-- SUPPLIED DATA follows --

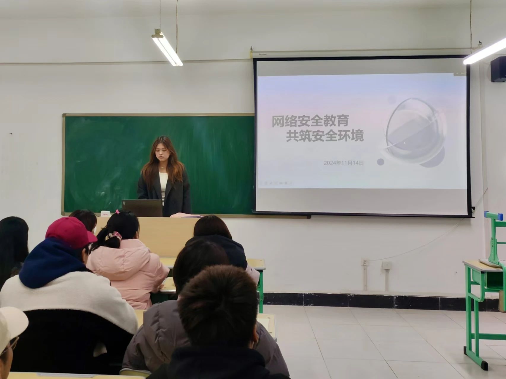 活动内容通过演示“网络安全教育,共筑安全环境”PPT的形式进行宣讲,并跟据相关案例让同学们认识到“网络安全教育及提升自我保护”的重要性。活动开始权益部工作人员向同学们介绍了网络安全方面的有关知识,如网络安全的概念以及其意义。
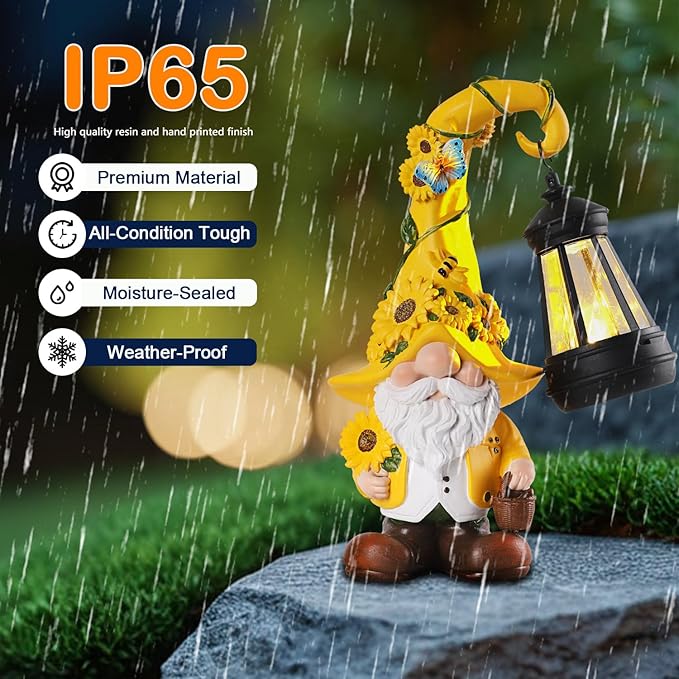 - Durable and Waterproof:Garden gnomes made from sturdy resin and finely carved,this lawn gnome is UV-resistant,heat-resistant,and retains its bright,lasting colors.It also has excellent waterproofing and weather resistance,unaffected by heavy rain or snow,making it perfect for both indoor and outdoor display.
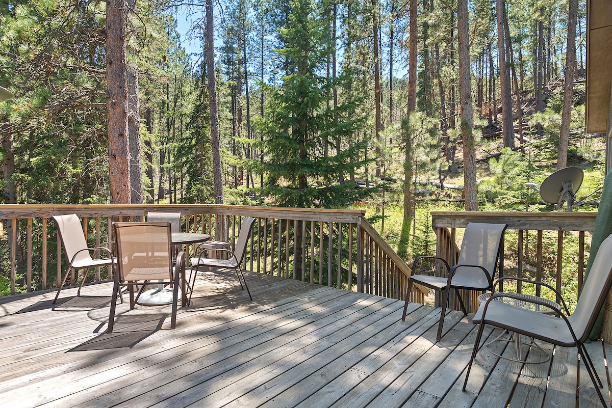 Alójate en nuestro recientemente remodelado Forest Haven. Es aislado y privado, pero a pocos minutos de la ciudad. ✔Estacionamiento techado gratuito con 3 puestos de garaje ✔Check-in autónomo a través del código de la puerta ✔Gran terraza con parrilla ✔Vistas magníficas, rodeado de árboles ✔Vida silvestre: ¡a los ciervos les encanta nuestro patio! ✔A 40 minutos en auto del monte Rushmore ✔1 hora en coche hasta el Parque Nacional Badlands ✔A 47 minutos en coche del Parque Estatal Custer ✔A 50 minutos en auto de Deadwood ✔Cocina completa. ✔WiFi rápido ✔Lavandería en la suite Aprobado por el número de licencia del condado de Pennington CUCU24-0010
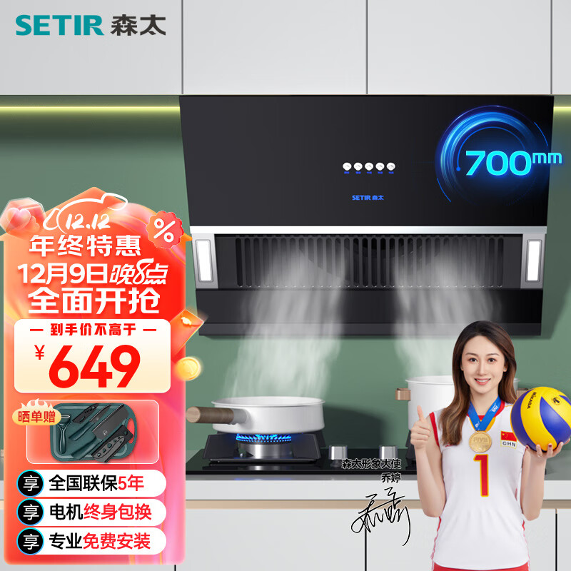 森太(SETIR) 抽油烟机侧吸式脱排吸油烟机家用小尺寸大吸力抽烟机 CXW-220-B270A价格:749.00元!
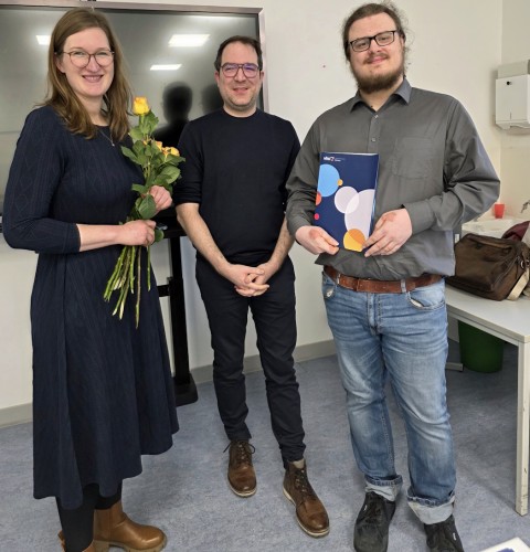 Die VHS-Leitung Sarah Krämer (l.) und Dr. Peter Ley (M.) gratulierten zu einem besonders gutes Ergebnis, das Malte Paul (r.) mit seinem makellosen 1er-Zeugnis erreicht hat. (Foto: OBK)
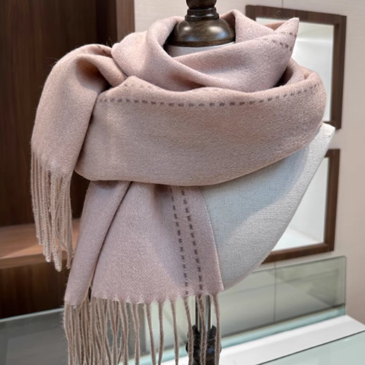 羽織るだけでフェミニンな雰囲気が漂うエレガントステッチマフラー。
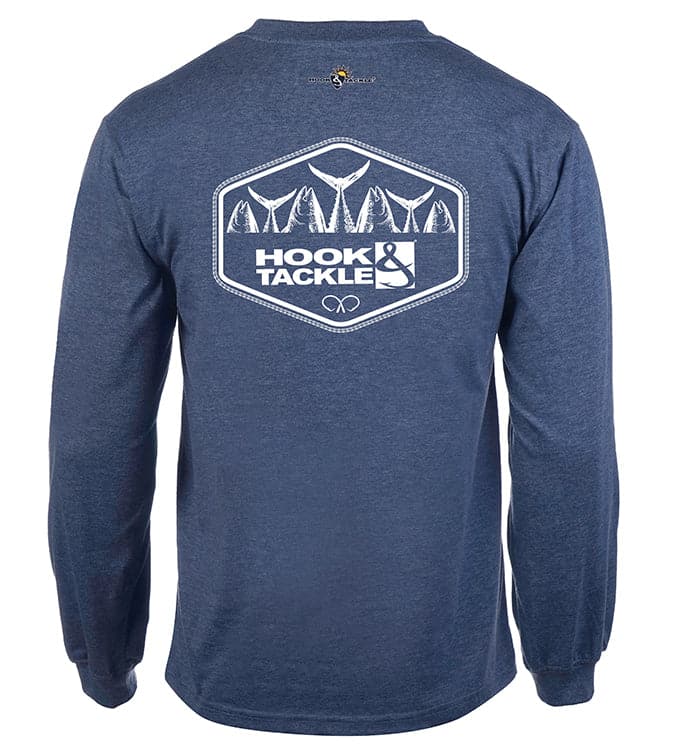This Hook & Tackle® Heads or Tails performance fishing long sleeve shirt features a leaping sailfish on the rear and the Hook & Tackle® logo on one sleeve and on the front.
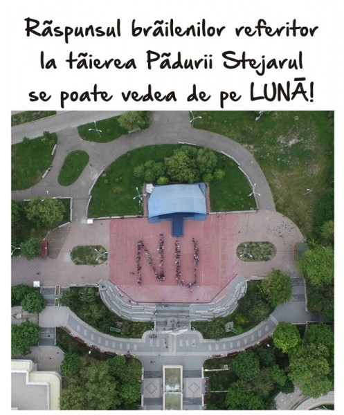 Câteva sute de brăileni s-au adunat, duminică dimineaţă, la ora 10.00, pe platoul din Piaţa Independenţei, în semn de protest faţă de intenţia unui grup de afacerişti locali de a defrişa o parte din pădurea Stejaru. Protestul a fost făcut la iniţiativa caricaturistului Costel Pătrăşcan, iar printre cei care au răspuns apelului acestuia s-au aflat oameni de toate vârstele şi categoriile sociale. Au fost prezenţi şi politicieni locali, făcându-se remarcată prezenţa primarului Aurel Simionescu, a viceprimarului Doiniţa Ciocan, dar şi a câtorva consilieri locali din grupul PSD, printre care Nicu Niţă, Sorin Boşneag sau Silviu Mangiurea. Dintre parlamentarii de Brăila, s-au alăturat protestului deputatul PSD Marian Dragomir şi deputatul UNPR Marioara Nistor.
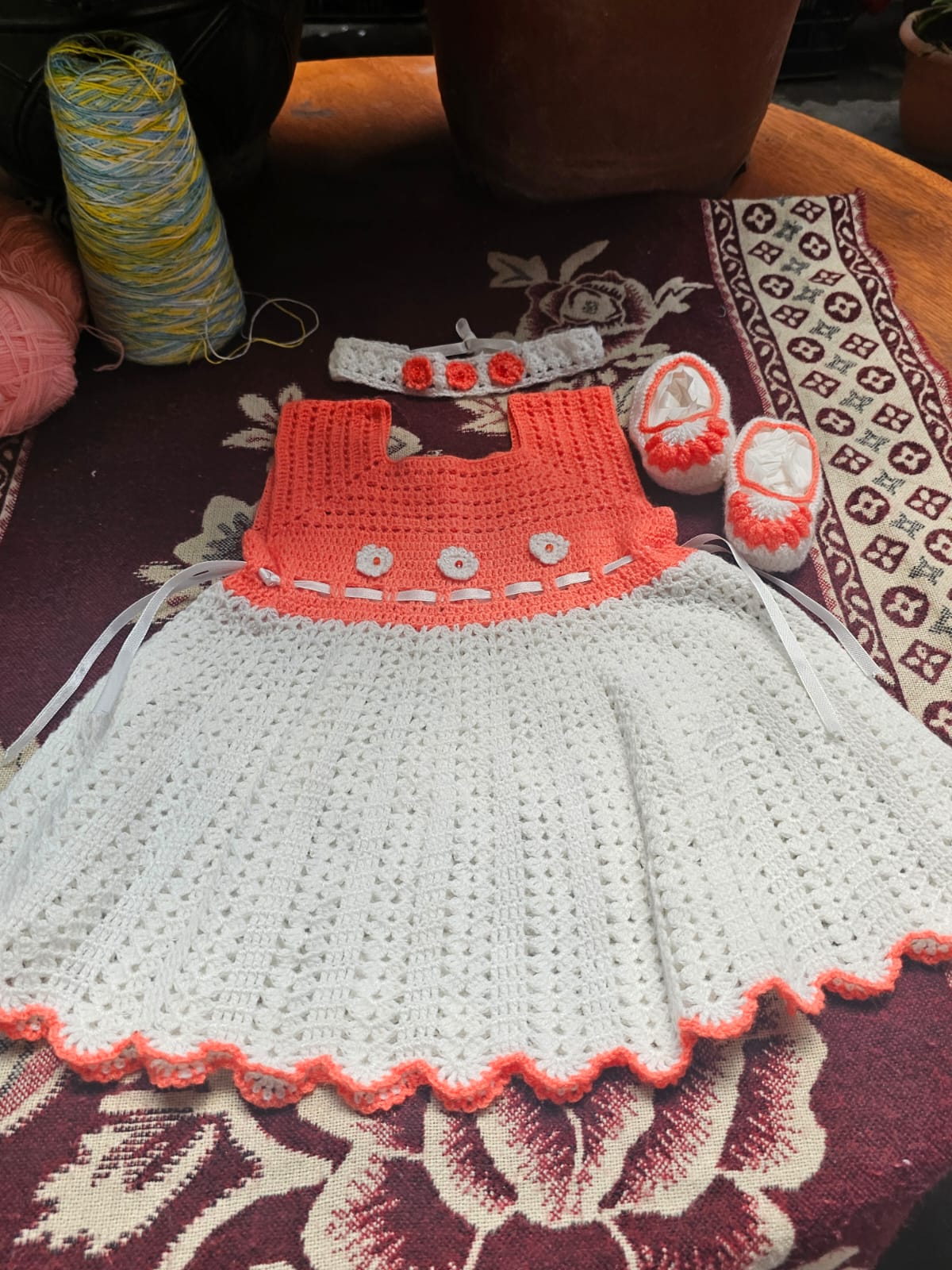 Este encantador vestido de bebé está tejido a crochet, combinando colores blanco y coral para un diseño delicado y atractivo. Incluye un vestido con detalles de flores y un borde ondulado que añade un toque especial. El conjunto se completa con una diadema a juego y unos zapatitos tejidos, perfectos para cualquier ocasión especial. Hecho con materiales suaves y cómodos, es ideal para la piel sensible de los bebés. Este conjunto es una opción perfecta para regalar o para vestir a tu bebé con estilo.
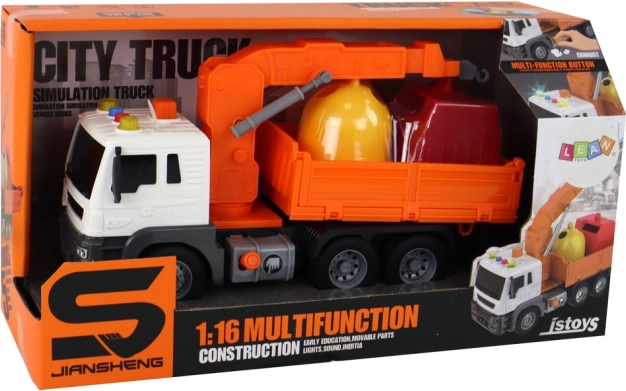 Müllwagen mit Kran Reibungsantrieb Orange 1:16

-- SUPPLIED DATA concluded --

◆ WHAT THE EXERCISE ASKS ◆
Nothing but the text of the listing should be set down, exactly, with the pictures left behind.

◆ EXPECTED ANSWER ◆
 活动内容通过演示“网络安全教育,共筑安全环境”PPT的形式进行宣讲,并跟据相关案例让同学们认识到“网络安全教育及提升自我保护”的重要性。活动开始权益部工作人员向同学们介绍了网络安全方面的有关知识,如网络安全的概念以及其意义。
 - Durable and Waterproof:Garden gnomes made from sturdy resin and finely carved,this lawn gnome is UV-resistant,heat-resistant,and retains its bright,lasting colors.It also has excellent waterproofing and weather resistance,unaffected by heavy rain or snow,making it perfect for both indoor and outdoor display.
 Alójate en nuestro recientemente remodelado Forest Haven. Es aislado y privado, pero a pocos minutos de la ciudad. ✔Estacionamiento techado gratuito con 3 puestos de garaje ✔Check-in autónomo a través del código de la puerta ✔Gran terraza con parrilla ✔Vistas magníficas, rodeado de árboles ✔Vida silvestre: ¡a los ciervos les encanta nuestro patio! ✔A 40 minutos en auto del monte Rushmore ✔1 hora en coche hasta el Parque Nacional Badlands ✔A 47 minutos en coche del Parque Estatal Custer ✔A 50 minutos en auto de Deadwood ✔Cocina completa. ✔WiFi rápido ✔Lavandería en la suite Aprobado por el número de licencia del condado de Pennington CUCU24-0010
 森太(SETIR) 抽油烟机侧吸式脱排吸油烟机家用小尺寸大吸力抽烟机 CXW-220-B270A价格:749.00元!
 Die VHS-Leitung Sarah Krämer (l.) und Dr. Peter Ley (M.) gratulierten zu einem besonders gutes Ergebnis, das Malte Paul (r.) mit seinem makellosen 1er-Zeugnis erreicht hat. (Foto: OBK)
 羽織るだけでフェミニンな雰囲気が漂うエレガントステッチマフラー。
This Hook & Tackle® Heads or Tails performance fishing long sleeve shirt features a leaping sailfish on the rear and the Hook & Tackle® logo on one sleeve and on the front.
 Câteva sute de brăileni s-au adunat, duminică dimineaţă, la ora 10.00, pe platoul din Piaţa Independenţei, în semn de protest faţă de intenţia unui grup de afacerişti locali de a defrişa o parte din pădurea Stejaru. Protestul a fost făcut la iniţiativa caricaturistului Costel Pătrăşcan, iar printre cei care au răspuns apelului acestuia s-au aflat oameni de toate vârstele şi categoriile sociale. Au fost prezenţi şi politicieni locali, făcându-se remarcată prezenţa primarului Aurel Simionescu, a viceprimarului Doiniţa Ciocan, dar şi a câtorva consilieri locali din grupul PSD, printre care Nicu Niţă, Sorin Boşneag sau Silviu Mangiurea. Dintre parlamentarii de Brăila, s-au alăturat protestului deputatul PSD Marian Dragomir şi deputatul UNPR Marioara Nistor.
 Este encantador vestido de bebé está tejido a crochet, combinando colores blanco y coral para un diseño delicado y atractivo. Incluye un vestido con detalles de flores y un borde ondulado que añade un toque especial. El conjunto se completa con una diadema a juego y unos zapatitos tejidos, perfectos para cualquier ocasión especial. Hecho con materiales suaves y cómodos, es ideal para la piel sensible de los bebés. Este conjunto es una opción perfecta para regalar o para vestir a tu bebé con estilo.
 Müllwagen mit Kran Reibungsantrieb Orange 1:16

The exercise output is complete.